**Description of the task**
Could you transcribe every record below exactly as written, excluding the pictures?

══ Source records

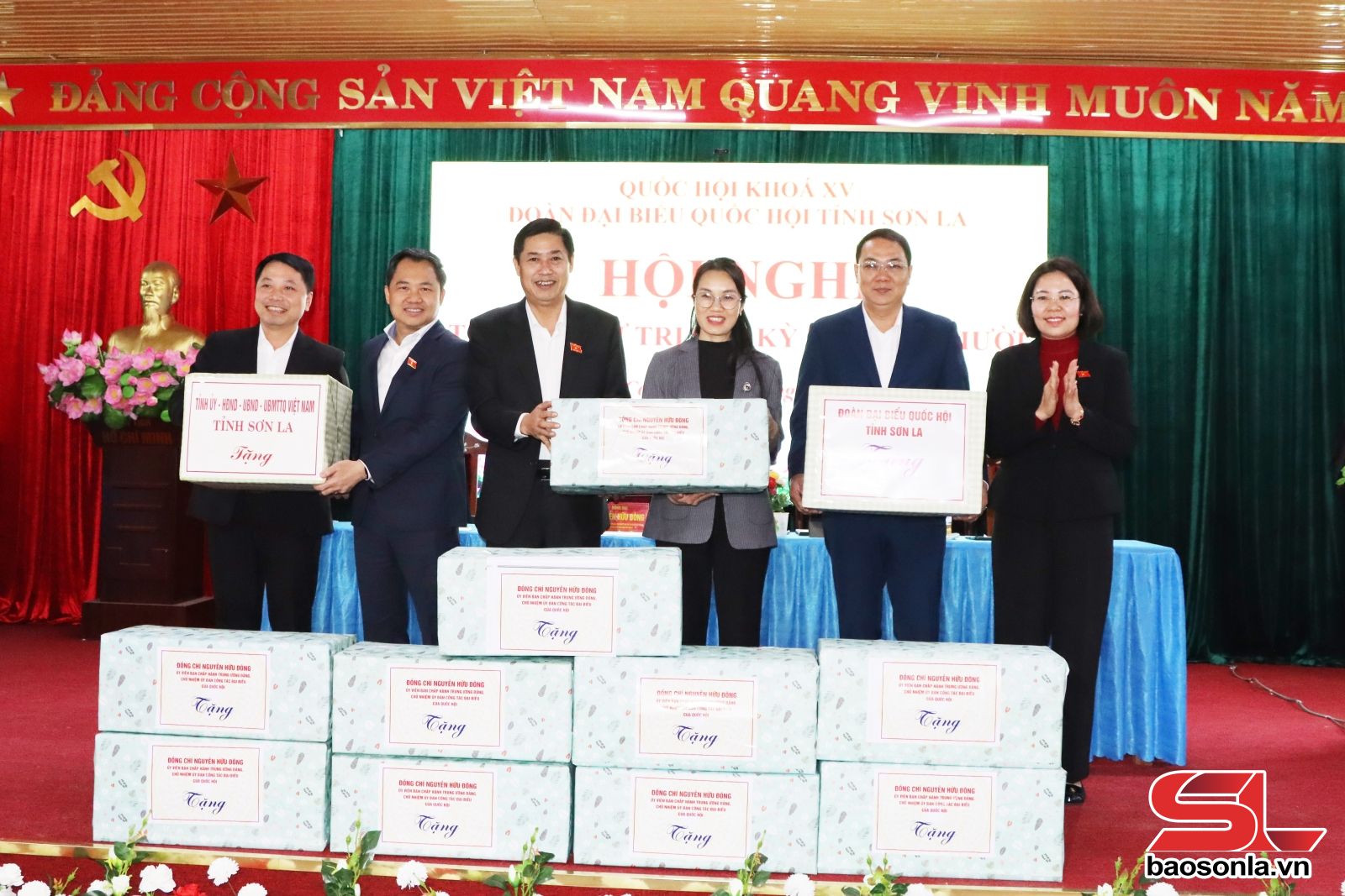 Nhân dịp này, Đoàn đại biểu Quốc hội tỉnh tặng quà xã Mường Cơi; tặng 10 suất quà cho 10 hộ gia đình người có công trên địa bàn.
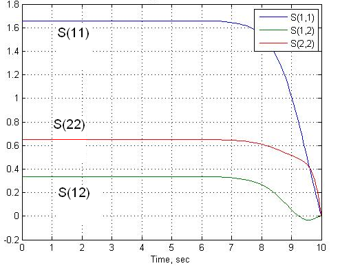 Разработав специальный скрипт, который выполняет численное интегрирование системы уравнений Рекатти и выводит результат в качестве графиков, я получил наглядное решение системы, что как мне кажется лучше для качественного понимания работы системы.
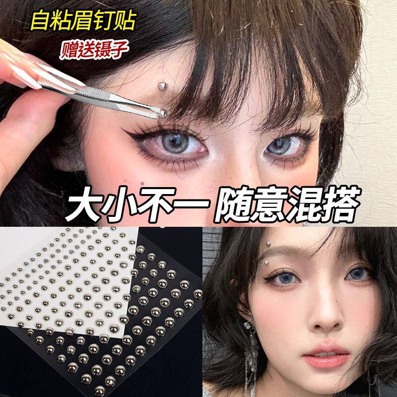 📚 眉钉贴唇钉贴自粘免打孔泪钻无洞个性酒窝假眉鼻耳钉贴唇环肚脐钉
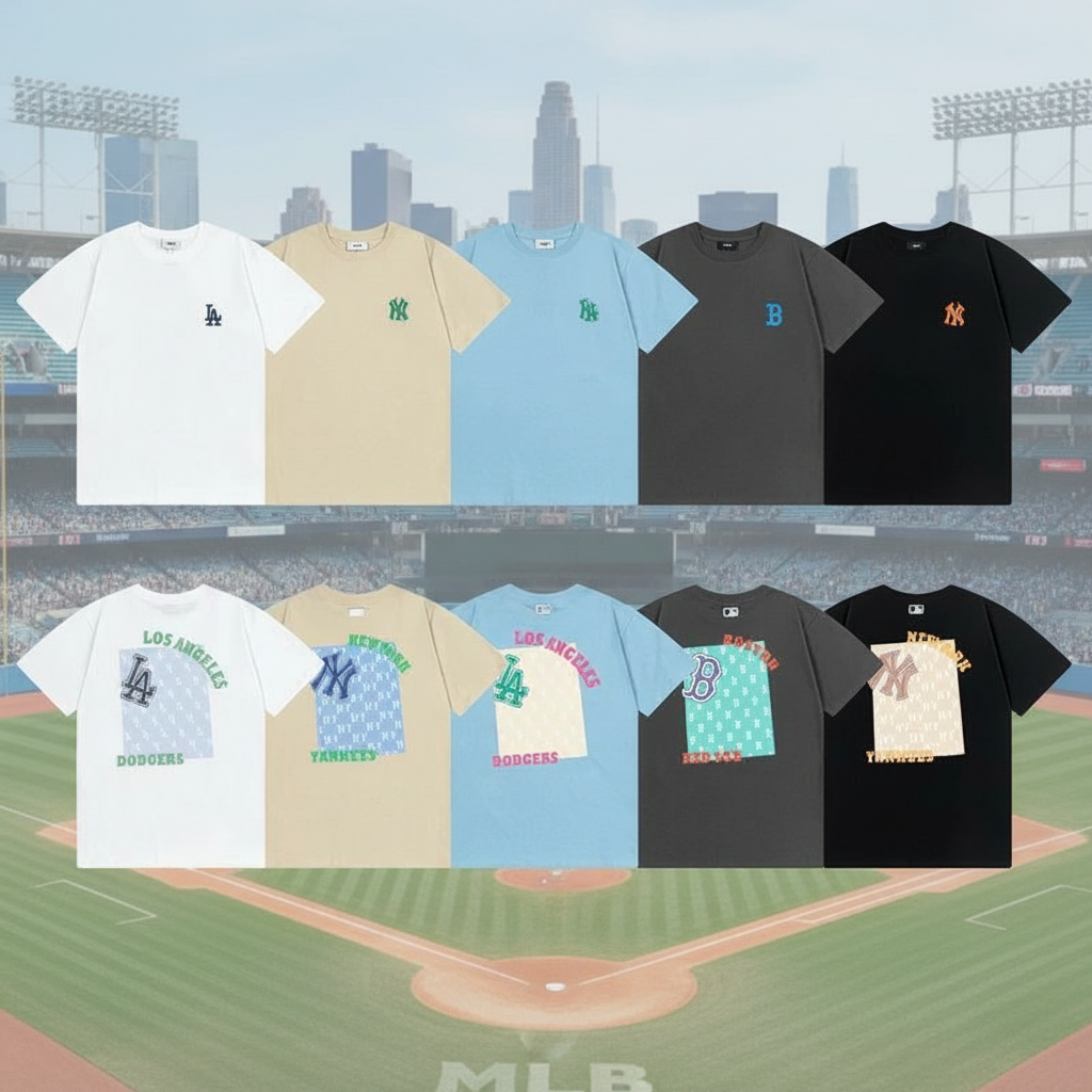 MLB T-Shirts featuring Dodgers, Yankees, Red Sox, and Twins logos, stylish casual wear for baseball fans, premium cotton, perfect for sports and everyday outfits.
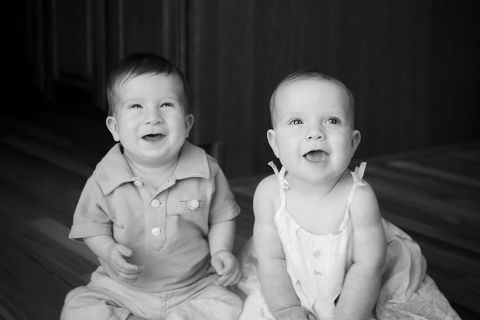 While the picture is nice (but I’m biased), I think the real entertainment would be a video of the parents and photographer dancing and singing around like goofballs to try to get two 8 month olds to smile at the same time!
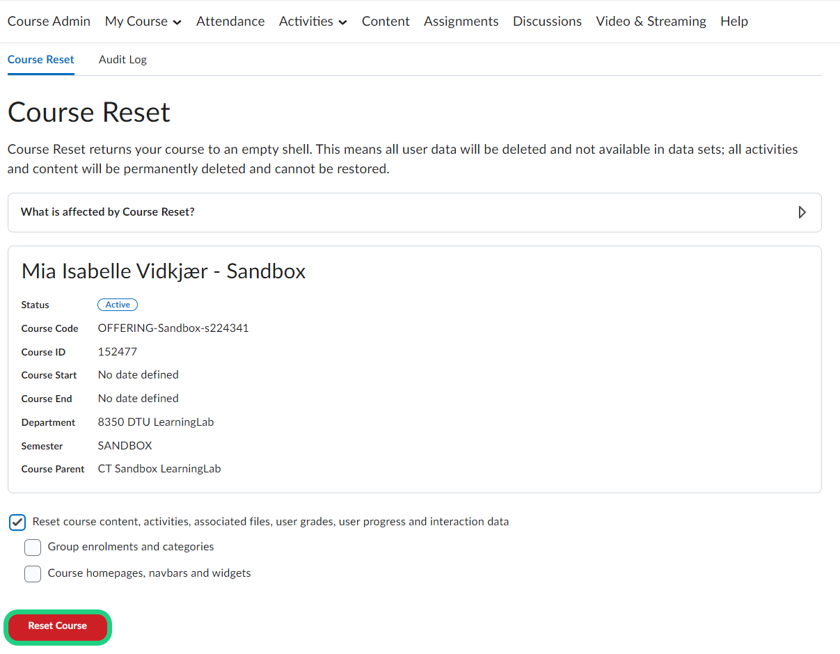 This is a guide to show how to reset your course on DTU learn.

════

**Exercise response**
 Nhân dịp này, Đoàn đại biểu Quốc hội tỉnh tặng quà xã Mường Cơi; tặng 10 suất quà cho 10 hộ gia đình người có công trên địa bàn.
 Разработав специальный скрипт, который выполняет численное интегрирование системы уравнений Рекатти и выводит результат в качестве графиков, я получил наглядное решение системы, что как мне кажется лучше для качественного понимания работы системы.
 📚 眉钉贴唇钉贴自粘免打孔泪钻无洞个性酒窝假眉鼻耳钉贴唇环肚脐钉
 MLB T-Shirts featuring Dodgers, Yankees, Red Sox, and Twins logos, stylish casual wear for baseball fans, premium cotton, perfect for sports and everyday outfits.
 While the picture is nice (but I’m biased), I think the real entertainment would be a video of the parents and photographer dancing and singing around like goofballs to try to get two 8 month olds to smile at the same time!
 This is a guide to show how to reset your course on DTU learn.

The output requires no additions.